• TASK TO CARRY OUT:
Print the records below from the first line through the line containing "麦捷科技:充电桩业务领域有部分收入 整体规模有限", both included, word for word.

*** DATASET RECORDS Section Begins ***

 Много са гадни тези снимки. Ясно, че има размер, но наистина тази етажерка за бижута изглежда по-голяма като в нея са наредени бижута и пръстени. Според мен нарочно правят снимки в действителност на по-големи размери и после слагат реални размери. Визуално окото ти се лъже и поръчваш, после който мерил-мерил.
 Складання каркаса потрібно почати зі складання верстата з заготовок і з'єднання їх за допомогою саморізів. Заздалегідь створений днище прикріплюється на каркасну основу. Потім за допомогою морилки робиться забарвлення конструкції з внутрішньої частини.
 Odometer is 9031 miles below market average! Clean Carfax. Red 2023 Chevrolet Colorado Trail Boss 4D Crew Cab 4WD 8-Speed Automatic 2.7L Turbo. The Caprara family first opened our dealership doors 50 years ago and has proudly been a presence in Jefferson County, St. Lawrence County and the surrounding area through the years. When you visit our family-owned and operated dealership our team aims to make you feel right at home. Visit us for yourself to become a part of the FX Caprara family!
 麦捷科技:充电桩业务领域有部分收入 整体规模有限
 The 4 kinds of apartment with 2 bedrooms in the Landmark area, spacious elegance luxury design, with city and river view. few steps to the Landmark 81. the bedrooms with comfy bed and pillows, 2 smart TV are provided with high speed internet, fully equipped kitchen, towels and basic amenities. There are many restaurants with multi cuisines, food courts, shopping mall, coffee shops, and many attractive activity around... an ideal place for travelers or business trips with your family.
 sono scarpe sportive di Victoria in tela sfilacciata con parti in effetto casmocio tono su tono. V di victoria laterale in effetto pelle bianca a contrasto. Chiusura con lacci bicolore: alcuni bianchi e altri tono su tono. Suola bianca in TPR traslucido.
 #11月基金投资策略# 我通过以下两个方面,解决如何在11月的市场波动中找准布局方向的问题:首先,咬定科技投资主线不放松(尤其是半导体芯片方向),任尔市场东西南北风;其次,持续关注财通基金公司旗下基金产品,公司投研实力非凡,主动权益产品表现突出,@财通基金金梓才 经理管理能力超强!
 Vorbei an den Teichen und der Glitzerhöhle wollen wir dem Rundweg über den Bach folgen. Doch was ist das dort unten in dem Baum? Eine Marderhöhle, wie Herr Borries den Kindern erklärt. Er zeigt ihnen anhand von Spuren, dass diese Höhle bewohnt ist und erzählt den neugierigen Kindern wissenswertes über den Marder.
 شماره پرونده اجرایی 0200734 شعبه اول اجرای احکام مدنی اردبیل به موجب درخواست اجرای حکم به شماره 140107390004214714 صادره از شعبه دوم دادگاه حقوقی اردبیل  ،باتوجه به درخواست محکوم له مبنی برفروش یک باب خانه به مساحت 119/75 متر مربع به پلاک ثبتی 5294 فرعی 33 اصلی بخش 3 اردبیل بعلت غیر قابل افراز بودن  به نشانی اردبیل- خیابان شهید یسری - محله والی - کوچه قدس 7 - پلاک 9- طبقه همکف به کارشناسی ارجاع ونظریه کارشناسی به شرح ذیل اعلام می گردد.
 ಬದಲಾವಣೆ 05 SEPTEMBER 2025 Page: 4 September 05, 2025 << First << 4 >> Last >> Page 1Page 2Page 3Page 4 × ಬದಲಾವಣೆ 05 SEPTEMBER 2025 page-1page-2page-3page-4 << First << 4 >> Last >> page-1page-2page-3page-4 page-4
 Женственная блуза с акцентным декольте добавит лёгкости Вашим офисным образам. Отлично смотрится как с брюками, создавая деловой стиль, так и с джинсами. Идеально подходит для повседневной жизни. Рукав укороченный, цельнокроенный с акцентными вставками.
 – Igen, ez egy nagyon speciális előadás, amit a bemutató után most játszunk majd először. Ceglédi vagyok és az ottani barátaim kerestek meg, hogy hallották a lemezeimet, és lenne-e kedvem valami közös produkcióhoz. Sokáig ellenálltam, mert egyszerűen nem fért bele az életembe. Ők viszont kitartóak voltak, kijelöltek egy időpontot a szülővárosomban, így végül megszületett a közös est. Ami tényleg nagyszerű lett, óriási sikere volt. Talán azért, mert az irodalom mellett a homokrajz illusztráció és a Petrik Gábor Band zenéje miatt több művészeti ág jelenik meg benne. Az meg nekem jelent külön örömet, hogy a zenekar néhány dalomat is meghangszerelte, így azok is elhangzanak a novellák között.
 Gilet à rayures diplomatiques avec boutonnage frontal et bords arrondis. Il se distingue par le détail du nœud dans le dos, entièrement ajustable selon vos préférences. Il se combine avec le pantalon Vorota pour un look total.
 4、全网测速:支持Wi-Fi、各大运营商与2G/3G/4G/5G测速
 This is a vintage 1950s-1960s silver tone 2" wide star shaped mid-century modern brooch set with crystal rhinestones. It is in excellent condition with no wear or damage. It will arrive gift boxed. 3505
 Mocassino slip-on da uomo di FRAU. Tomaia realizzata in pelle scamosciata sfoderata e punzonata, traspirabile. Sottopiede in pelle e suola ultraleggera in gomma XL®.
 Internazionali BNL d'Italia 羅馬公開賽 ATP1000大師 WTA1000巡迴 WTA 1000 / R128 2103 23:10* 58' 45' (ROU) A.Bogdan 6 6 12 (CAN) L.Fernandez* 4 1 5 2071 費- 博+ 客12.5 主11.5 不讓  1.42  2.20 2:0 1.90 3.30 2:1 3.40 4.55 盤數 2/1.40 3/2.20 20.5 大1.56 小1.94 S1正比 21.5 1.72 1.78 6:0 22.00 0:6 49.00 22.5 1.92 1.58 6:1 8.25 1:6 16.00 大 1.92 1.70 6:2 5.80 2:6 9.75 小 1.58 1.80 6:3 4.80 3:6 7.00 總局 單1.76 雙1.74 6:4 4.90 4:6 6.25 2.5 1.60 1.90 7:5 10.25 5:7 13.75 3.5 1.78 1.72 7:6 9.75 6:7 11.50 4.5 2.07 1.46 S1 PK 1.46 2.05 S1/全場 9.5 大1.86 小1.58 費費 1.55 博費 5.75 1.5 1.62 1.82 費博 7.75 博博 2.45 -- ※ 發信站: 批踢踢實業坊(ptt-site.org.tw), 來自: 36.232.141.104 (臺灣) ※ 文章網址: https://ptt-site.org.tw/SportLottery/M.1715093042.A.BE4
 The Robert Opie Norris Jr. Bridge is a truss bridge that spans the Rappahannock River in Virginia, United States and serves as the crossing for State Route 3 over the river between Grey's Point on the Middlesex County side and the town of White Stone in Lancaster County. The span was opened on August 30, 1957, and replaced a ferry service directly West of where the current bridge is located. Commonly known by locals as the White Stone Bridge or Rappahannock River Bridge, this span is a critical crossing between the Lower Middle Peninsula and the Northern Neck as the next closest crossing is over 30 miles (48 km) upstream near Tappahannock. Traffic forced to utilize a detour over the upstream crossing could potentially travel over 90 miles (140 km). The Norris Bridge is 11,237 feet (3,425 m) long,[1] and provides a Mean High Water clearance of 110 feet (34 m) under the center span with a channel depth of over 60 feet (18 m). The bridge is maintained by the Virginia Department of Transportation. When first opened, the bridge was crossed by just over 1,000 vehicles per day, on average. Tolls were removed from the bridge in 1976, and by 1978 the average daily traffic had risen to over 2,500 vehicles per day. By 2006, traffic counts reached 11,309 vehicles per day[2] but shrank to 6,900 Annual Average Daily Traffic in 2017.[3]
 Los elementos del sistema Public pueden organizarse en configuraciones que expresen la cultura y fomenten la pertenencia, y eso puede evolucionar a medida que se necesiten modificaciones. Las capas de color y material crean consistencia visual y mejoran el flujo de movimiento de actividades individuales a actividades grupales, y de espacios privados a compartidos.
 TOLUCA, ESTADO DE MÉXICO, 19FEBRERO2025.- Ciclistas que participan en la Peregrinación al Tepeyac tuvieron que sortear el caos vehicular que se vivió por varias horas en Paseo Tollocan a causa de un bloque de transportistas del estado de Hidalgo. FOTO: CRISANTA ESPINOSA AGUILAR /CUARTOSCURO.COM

*** DATASET RECORDS Section Ends ***

• ANSWER SPACE:
 Много са гадни тези снимки. Ясно, че има размер, но наистина тази етажерка за бижута изглежда по-голяма като в нея са наредени бижута и пръстени. Според мен нарочно правят снимки в действителност на по-големи размери и после слагат реални размери. Визуално окото ти се лъже и поръчваш, после който мерил-мерил.
 Складання каркаса потрібно почати зі складання верстата з заготовок і з'єднання їх за допомогою саморізів. Заздалегідь створений днище прикріплюється на каркасну основу. Потім за допомогою морилки робиться забарвлення конструкції з внутрішньої частини.
 Odometer is 9031 miles below market average! Clean Carfax. Red 2023 Chevrolet Colorado Trail Boss 4D Crew Cab 4WD 8-Speed Automatic 2.7L Turbo. The Caprara family first opened our dealership doors 50 years ago and has proudly been a presence in Jefferson County, St. Lawrence County and the surrounding area through the years. When you visit our family-owned and operated dealership our team aims to make you feel right at home. Visit us for yourself to become a part of the FX Caprara family!
 麦捷科技:充电桩业务领域有部分收入 整体规模有限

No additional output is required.